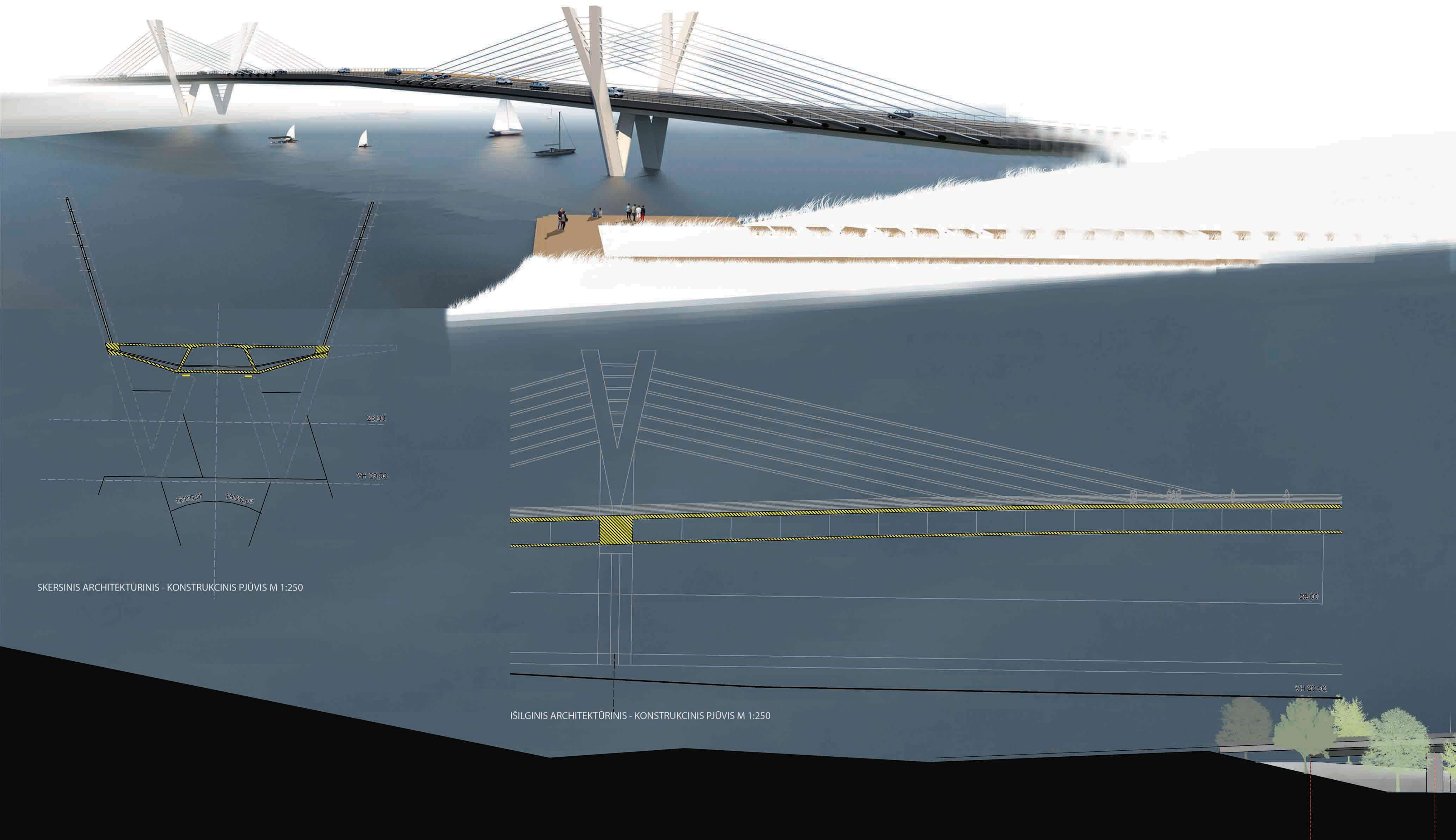
TILTO FASADAS M 1:500
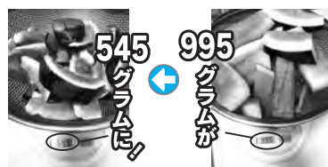
スイカの皮を自然乾燥で
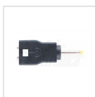
ø2,35mm - ø0,7mm
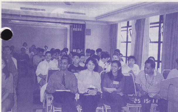
●アジア・太平洋地域の多様性を示す顔が並ぶ

くれた時も、お礼の言葉も言わず、父のために用意しておいたプレゼントもとうとう渡しませんでした。ところが今年、父が突然心臓マヒで亡くなってしまったのです。お礼の言葉も言わなかった自分が本当に悔やまれました。やるべきと思ったことは、決して明日に延ばしてはいけなくと学びました」と涙ながらに語ると、カンボジアからの参加者は、「自分の家族はポルポト時代に一人の兄を除いて全員殺されました。兄は私にだけは教育を受けさせようと日夜一所
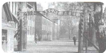
Entrada al campo de concentración y exterminio de Auschwitz, Polonia, dirigido por el nazismo.

La Convención para la Prevención y la Sanción del Delito de Genocidio es un documento aprobado por la ONU en 1948 y reconocido por la Argentina en 1956. Desde 1994 forma parte de nuestra Constitución Nacional.
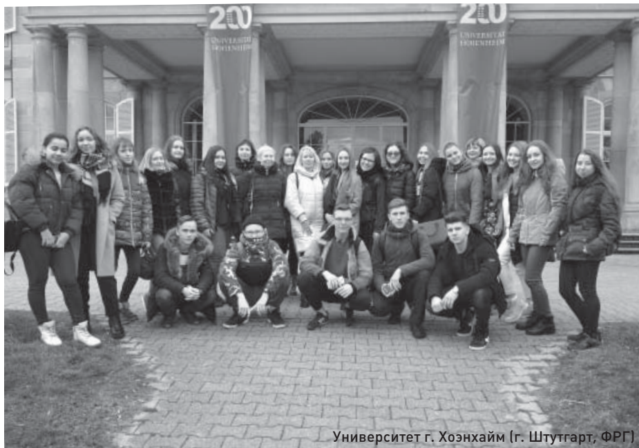
Университет г. Хоэнхайм (г. Штутгарт, ФРГ)
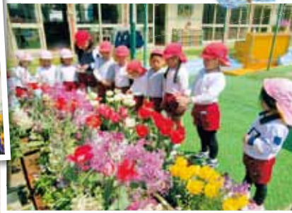
倉敷市立呉妹幼稚園
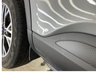
Kapı, sağ arka, Kapı, sağ arka > Vuruk
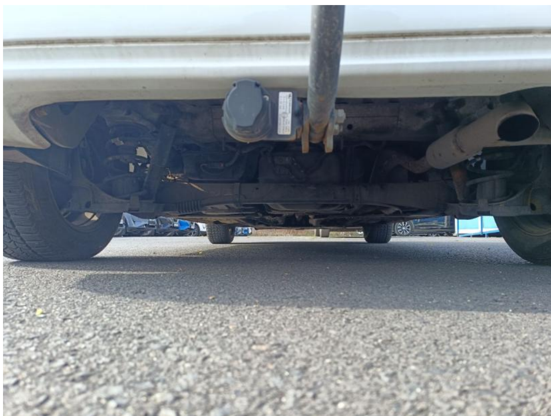
Fot. 26 Spód pojazdu tył
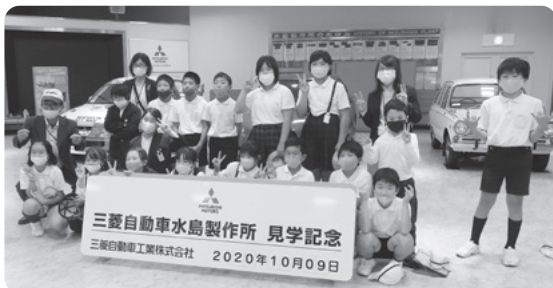
三菱自動車工業株式会社 2020年10月09日

小学校の児童を対象に、ものづくりマイスターが勤務する三菱自動車工業(株)水島製作所で「ものづくり事業所見学」を実施し、児童は、マイスターから直接話を聴くとともに工場見学を行い、ものづくり現場で大切なこと等を学習しました。
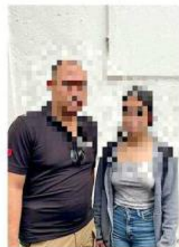
■ La joven fue localizada en Tomatlán.
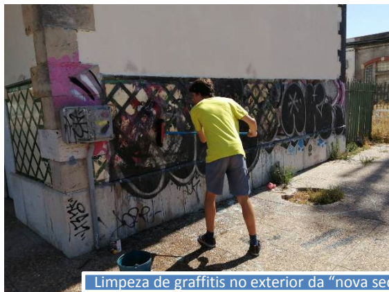
Limpeza de graffitis no exterior da "nova sede"
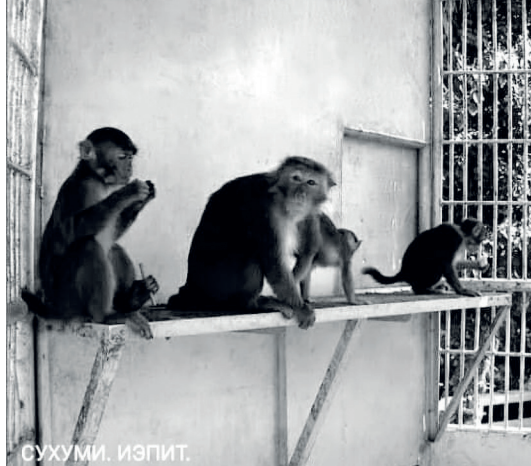
СУХУМИ. ИЗПИТ. В ОБЕЗЬЯННОМ ПИТОМНИКЕ
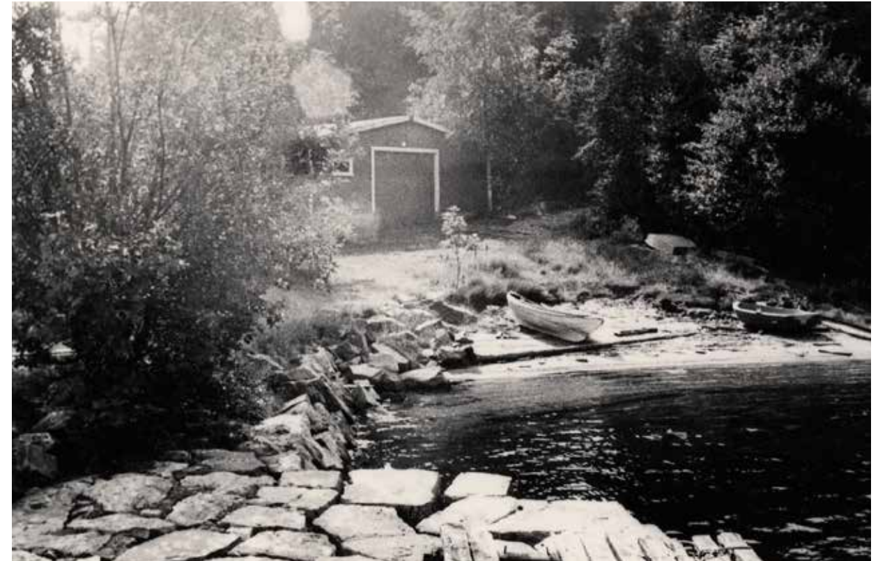
Kjerregårdsbukten i den perioden da Skyteskolen hadde et båthus på muren som omsluttet den tidligere kolerakirkegården. I forgrunnen ser vi den gamle steinbryggen som hadde betegnelsen Daumannsbryggen.

fritt for alle, og det skal være et sted der livsgleden dominerer. Odderøyas Venner arbeider også med å ivareta øyas grønne områder og utvikle den stedege fauna og flora. I tillegg ønsker de å være en ressursgruppe som offentlige myndigheter og andre kan forholde seg til og samarbeide med. Østre brakke leies ut til private arrangementer gjennom Odderøyas Venner.
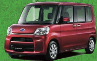
ファイアークォーツレッド・メタリック
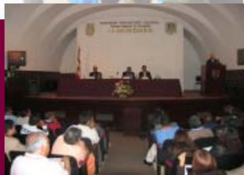
Evento en la Escuela Superior de Economía
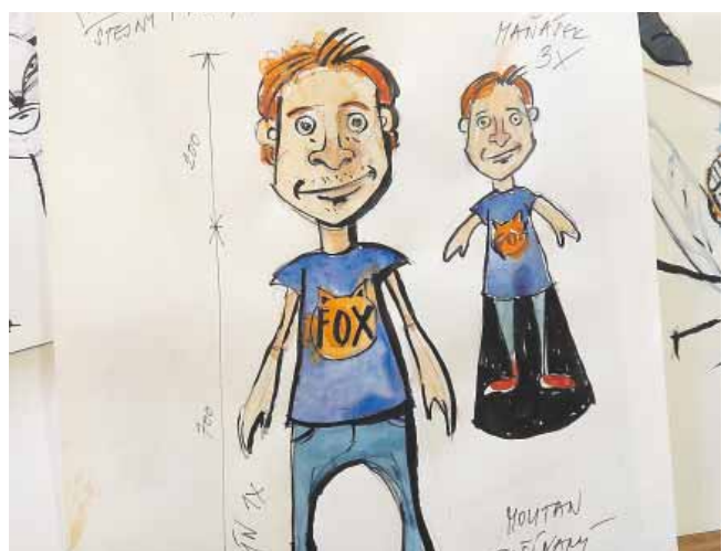
Děti i jejich rodiče se mají na co těšit.
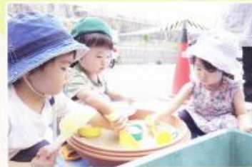
子ども一時預かり —にこにこルーム—
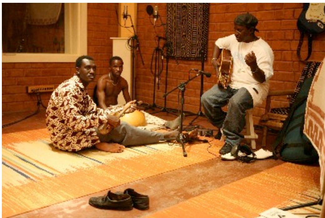
Bassekou Kouyaté em estúdio de gravação
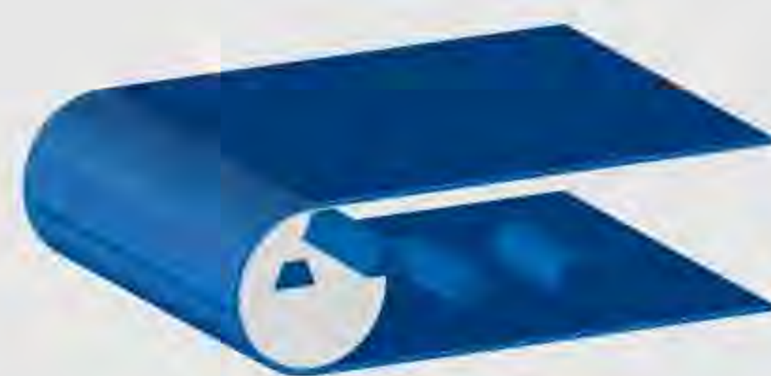
Kompakte und form-schlüssige Transport- und Prozessbänder
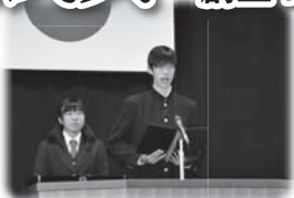
生徒代表誓いの言葉 (生徒会役員)
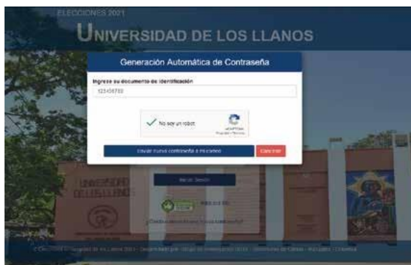
Figura 4 – Formulario de recuperación de contraseña con datos ingresados y validación de robot.
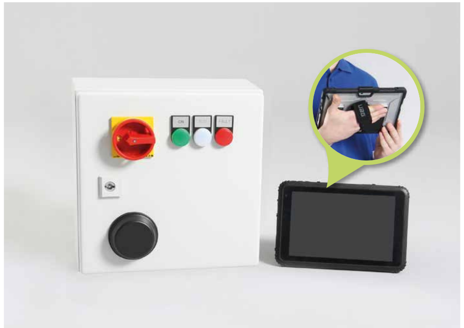
Schaltschrank mit Tablet | Control cabinet with tablet

control cabinet with integrated control, 10 m supply cable, on / off switch, control lamp, flow sensor, pressure sensor, impact resistant and waterproof CATERPILLAR (up to 1 m) T20 Tablet with Windows 10, incl. instruction manual
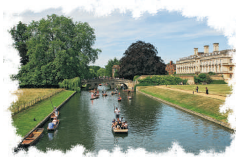
劍橋大學辦學歷史悠久，學術氣氛濃厚。（資料圖片）
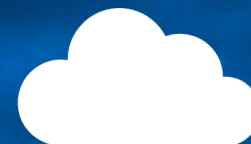
Взаимодействие с ГИС ГМП

══════

WHAT TO DO: In the listing above, find the line with "ファイアークォーツレッド・メタリック" and the line with "Schaltschrank mit Tablet". Set down exactly those lines and everything between them, skipping pictures.

WORKED SOLUTION:
ファイアークォーツレッド・メタリック
Evento en la Escuela Superior de Economía
Děti i jejich rodiče se mají na co těšit.
子ども一時預かり —にこにこルーム—
Bassekou Kouyaté em estúdio de gravação
Kompakte und form-schlüssige Transport- und Prozessbänder
生徒代表誓いの言葉 (生徒会役員)
Figura 4 – Formulario de recuperación de contraseña con datos ingresados y validación de robot.
Schaltschrank mit Tablet | Control cabinet with tablet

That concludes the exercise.